July 3, 2019 at 2:50 pm

I have this requirement to convert a list of account active dates to summarize the active start and end dates for each sequence of dates. For example, this is the list of active dates for two accounts.

And this is the required result set.

However, it's been a puzzle on how to actually do this. Has anyone done this before?

Here's some code with sample data.

If Object_Id('dbo.account_active') Is Not Null
Drop Table dbo.account_active;

Create Table dbo.account_active(
    account_active_id int Identity(1,1),
    account_id int,
    active_date date);

Insert Into dbo.account_active(
    account_id,
    active_date)
Values
    (1,'2019-01-01'),
    (1,'2019-01-02'),
    (1,'2019-01-03'),
    (1,'2019-01-06'),
    (1,'2019-01-07'),
    (1,'2019-01-08'),
    (1,'2019-01-09'),
    (1,'2019-01-10'),
    (1,'2019-01-11'),
    (1,'2019-01-28'),
    (1,'2019-01-29'),
    (1,'2019-01-30'),
    (1,'2019-01-31'),
    (2,'2019-01-16'),
    (2,'2019-01-25'),
    (2,'2019-01-26');

Select 
    aa.account_id,
    aa.active_date
From 
    dbo.account_active As aa;

Thank you!

Viewing 10 posts - 1 through 9 (of 9 total)

You must be logged in to reply to this topic. Login to reply

DesNorton SSC-Insane Points: 24439 More actions · Answer 1

The following code is based on a solution previously provided by Drew Allen

https://www.sqlservercentral.com/Forums/FindPost2025579.aspx

WITH cteStart AS (
  SELECT  aa.account_id, aa.active_date
        , aa.account_active_id
        , is_start = CASE WHEN aa.active_date > DATEADD(dd, 1, LAG( aa.active_date ) OVER (PARTITION BY aa.account_id ORDER BY aa.active_date)) THEN 1 ELSE 0 END
  FROM    dbo.account_active AS aa
  )
, cteGroup AS (
      SELECT  *, grp = SUM( s.is_start ) OVER ( PARTITION BY s.account_id ORDER BY s.active_date ROWS UNBOUNDED PRECEDING )
      FROM    cteStart AS s
)
SELECT    g.account_id
        , active_date_start = MIN( g.active_date )
        , active_date_end   = MAX( g.active_date )
        , days_active = DATEDIFF(dd, MIN( g.active_date ), MAX( g.active_date )) +1
FROM      cteGroup AS g
GROUP BY  g.account_id, g.grp
ORDER BY  g.account_id, MIN( g.active_date );

How to post data/code on a forum to get the best help.

John Gundrum SSC-Addicted Points: 427 More actions · Answer 2

That does work, however, I didn't mention that there is an older environment where this needs to run and LAG is not available.

I did get a pre-LAG solution that works.
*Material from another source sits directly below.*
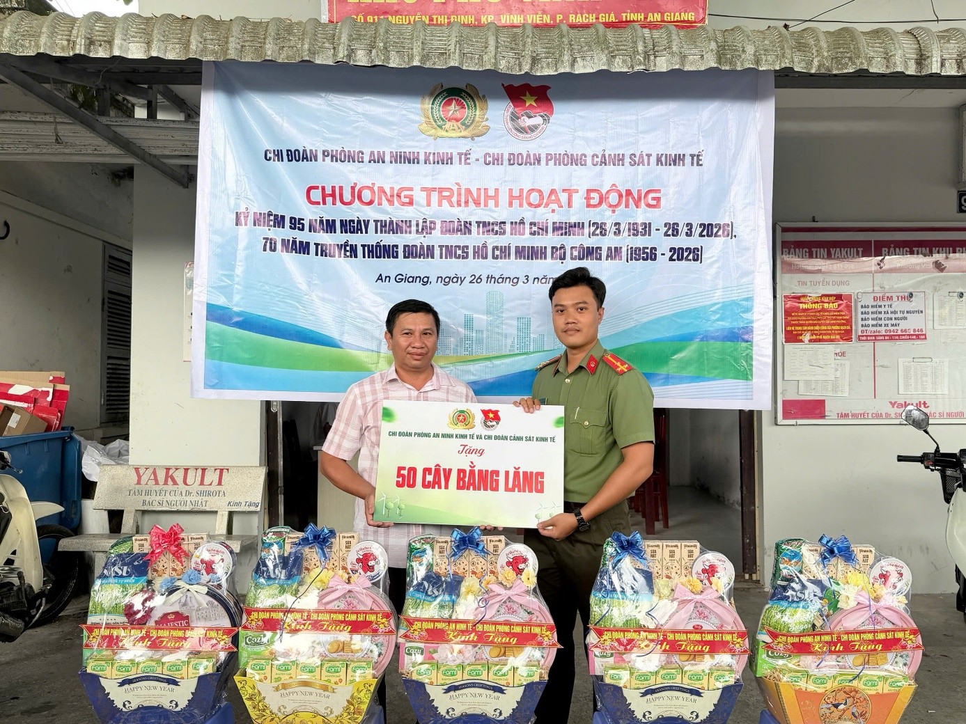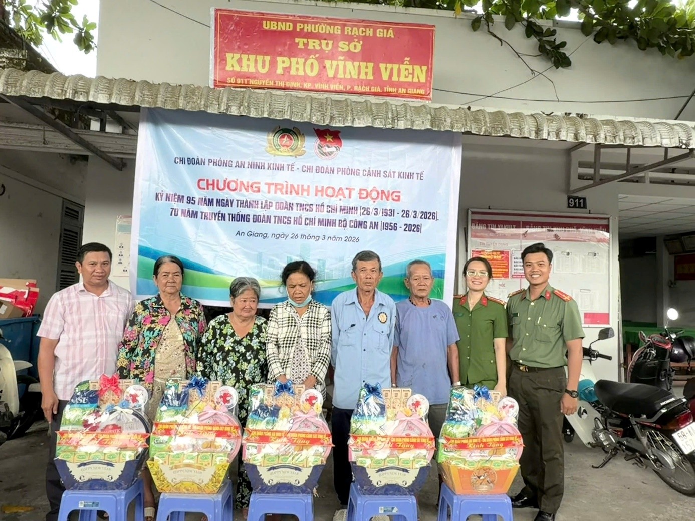 Chuỗi hoạt động bao gồm: Trao tặng 10 suất quà cho các hộ gia đình chính sách, hộ gia đình có hoàn cảnh khó khăn trên địa bàn khu phố Vĩnh Viễn, phường Rạch Giá. Cũng nhân dịp này, Chi đoàn Phòng An ninh kinh tế và Chi đoàn Phòng Cảnh sát kinh tế đã trao tặng 50 cây bằng lăng cho khu phố Vĩnh Viễn với mong muốn góp phần xây dựng cảnh quan môi trường xanh – sạch – đẹp, tạo bóng mát, cải thiện môi trường sống, qua đó nâng cao ý thức của người dân trong việc bảo vệ môi trường, xây dựng đô thị văn minh.

Thanks to Jingyang Li over at the MSDN SQL Server forum.

With mycte
     As (Select 
             *,
             Dateadd(DAY,-Row_Number() Over(Partition By account_id
             Order By 
             active_date),active_date) As grp
         From 
             account_active)
     Select 
         account_id,
         Min(active_date) As active_date_start,
         Max(active_date) As active_date_end,
         Count(*) As days_active
     From 
         mycte
     Group By 
         account_id,
         grp
     Order By 
         account_id,
         Min(active_date);

DesNorton SSC-Insane Points: 24439 More actions · Answer 3

Thanks for posting the alternate solution, which seems to have a better execution plan than the one that I posted.

How to post data/code on a forum to get the best help.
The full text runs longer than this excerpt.